Keempat, Kesalahan penataan dan penerapan fungsi dan
peran puskesmas. Selama ini fungsi dan peran puskesmas
sebagai pusat pembangunan kesehatan dan pusat
pembinaan peran serta masyarakat btidak pernah
dijabarkan dalam operasional. Fungsi dan peran
puskesmas selama ini ditonjolkan pada fungsi
pengobatan saja, layaknya sebagai ‘miniatur kecil
Rumah Sakit’.
Kedepan, sejalan dengan penerapan paradigma sehat,
fungsi dan peran puskesmas lebih menitikberatkan
sebagai penggerak pembangunan berwawasan kesehatan di
kecamatan, menumbuhkan pemberdayaan masyarakat dan
keluarga di bidang kesehatan.

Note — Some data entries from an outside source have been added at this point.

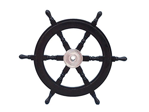 Hampton Nautical Deluxe Class Black Wood and Chrome Pirate Decorative Ship Steering Wheel 24" - ation
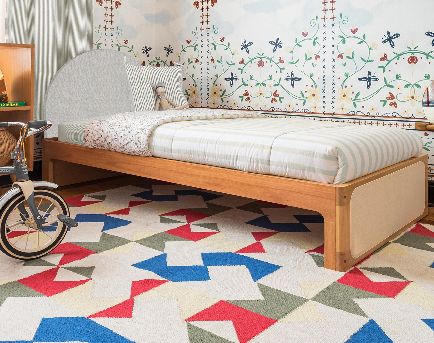 Com uma proposta contemporânea e cheia de cor, A Cama Solteiro valoriza os elementos naturais — como madeira —, trazendo aconchego, autenticidade e muito estilo para o ambiente.
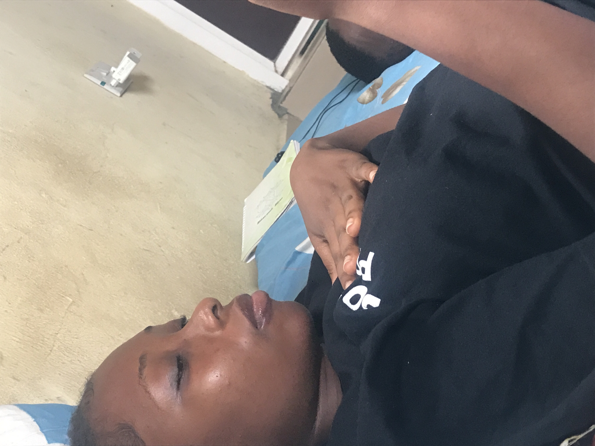 An individual with a dark skin tone is depicted lying on their left side, facing slightly upward with their eyes closed or heavily lidded. They wear a black short-sleeved top featuring partially visible white lettering on the chest. Their right hand rests on their mid-chest area. The individual is positioned on a bed covered by a light blue sheet with a subtle pattern. A light-colored, spiral-bound notebook is visible on the blue sheet behind the person's head. The background consists of a textured, light beige wall. An electrical outlet with a white device, possibly a charger, plugged in and emitting a small blue light, is affixed to the wall. A dark cable or wire is visible on the blue sheet. A dark vertical frame, potentially a window or door, is partially visible in the far right background. The scene is an indoor residential setting, in Uyo, Nigeria.

Namun tidak melupakan
fungsi sebagai unit pelayanan kesehatan tingkat
pertama yang bermutu dan efisien.
Akhirnya, dalam otoda ini, diharapkan penentu
kebijakan di daerah dapat semakin menyadari pentingnya
kesehatan bagi pengembangan sumber daya manusia di
daerah. Salah satunya jalan yang perlu dilaksanakan
segera, mereformasi puskesmas. Wallahu alam bishowab.